Last June, a migrant woman who came to Cyprus to be employed as a domestic worker was sexually and physically assaulted by her employer, resulting in her hospitalisation for several days. When KISA communicated with the local police station on behalf of the victim, the investigator’s comment was «but … you haven’t seen her employer, he can barely stand». After our intervention, the relevant department of the CID took on the case and it was subsequently found that the aforementioned was under investigation for other cases of potential sexual assault.
After the above development, the migrant woman’s “protection” passed to Social Welfare Services (SWS) that, from the beginning of July, housed her in a shelter specifically for victim protection operated by themselves. In August, the victim was subjected to a new assault and attempted rape, this time by a man who resided in the same building under the approval of Social Welfare Services.
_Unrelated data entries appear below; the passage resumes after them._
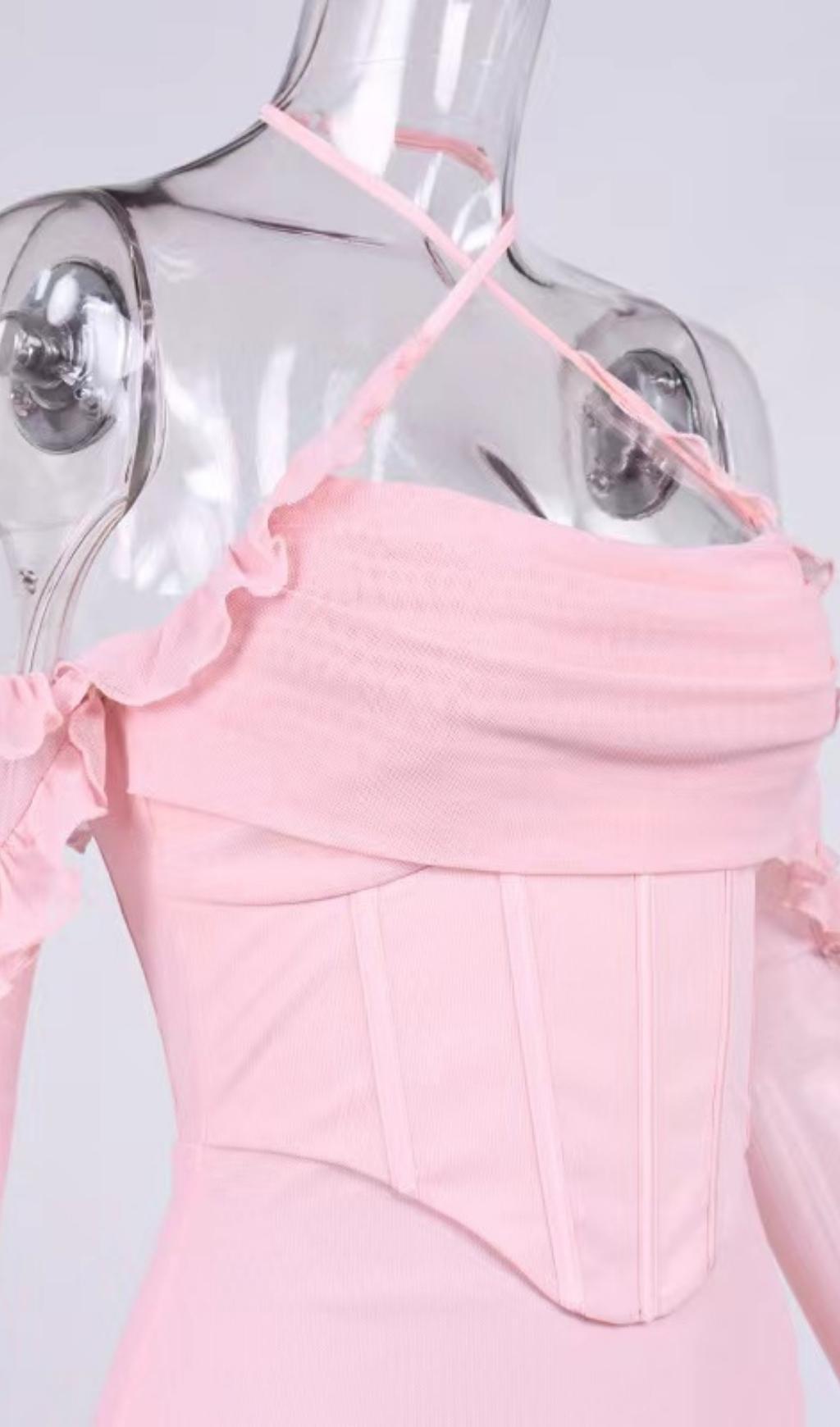 RUFFLE CORSET BODYCON MINI DRESS IN PINK
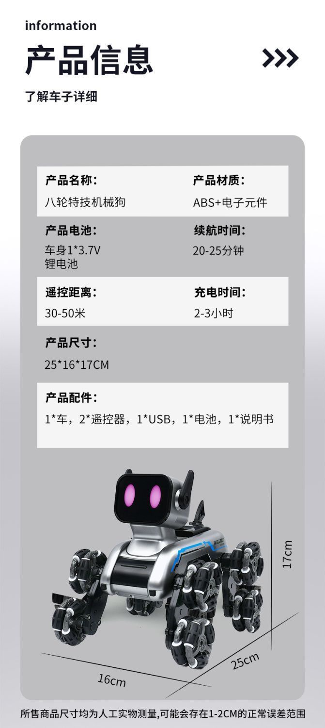 Механическая восьмиколесная собака-робот с дистанционным управлением, электрический игрушечный автомобиль для детей
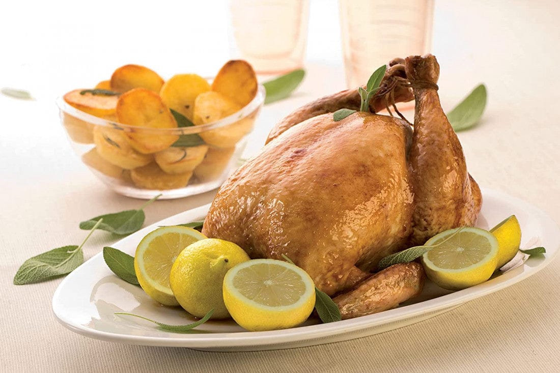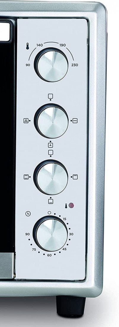الملحقات: صينية شواء، مقبض لإزالة الصينية، صينيتان للخبز من المينا، سيخ دوار، مقبض لإزالة السيخ الدوار، صينية فتات
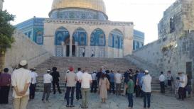 أدى عشرات الآلاف صلاة الجمعة في المسجد الأقصى المبارك، رغم الإجراءات العسكرية المشددة التي فرضتها قوات الاحتلال الإسرائيلي على أبواب المسجد، ومداخل البلدة القديمة في القدس المحتلة. وقدرت دائرة الأو

The police were again informed by KISA about the attempt and immediately proceeded with the investigation of the incident and the arrest of the perpetrator, while the victim was transported for her own safety, and with the consent of SWS, to a different town. Here it must be mentioned that, despite relevant updates from the police, no welfare worker visited her to support her while she was at the CID.
From the very first day, we communicated with the SWS and requested that they support her and ensure her subsequent protection and exertion of her rights since, according to the law, these services are responsible for human trafficking and exploitation victims, but also victims of gender-based violence. Thus far, the SWS have not provided her with any legal, psychological or financial support as prescribed by law. Every time we communicate with them in an attempt to sensitise them to the needs of the victim, we are told that her case has been assigned to another officer (thus far we have counted 6 reassignments without a decision being made). Each time we informed them that this woman was in very bad condition, we received the same answer that “the case will be examined as soon as possible”.
This woman came to Cyprus to work because she has two underage children in her country of origin that depend exclusively on her. Having experienced the above incidents, the woman is in very bad condition, both psychologically and financially, and is forced to live off charitable donations since she has no employment or any other support from the state, either for herself or her family.
Once again, it has been demonstrated that migrant women who are victims of gendered violence, trafficking, and exploitation are revictimized by the authorities themselves. Thus, KISA urges the state and the competent state authorities, independent authorities and institutions for the protection of human rights and promotion of gender equality to stop shedding crocodile tears and making political statements about women’s rights but rather to ensure the exertion of their rights in practice through the effective implementation of their internal and international legal obligations.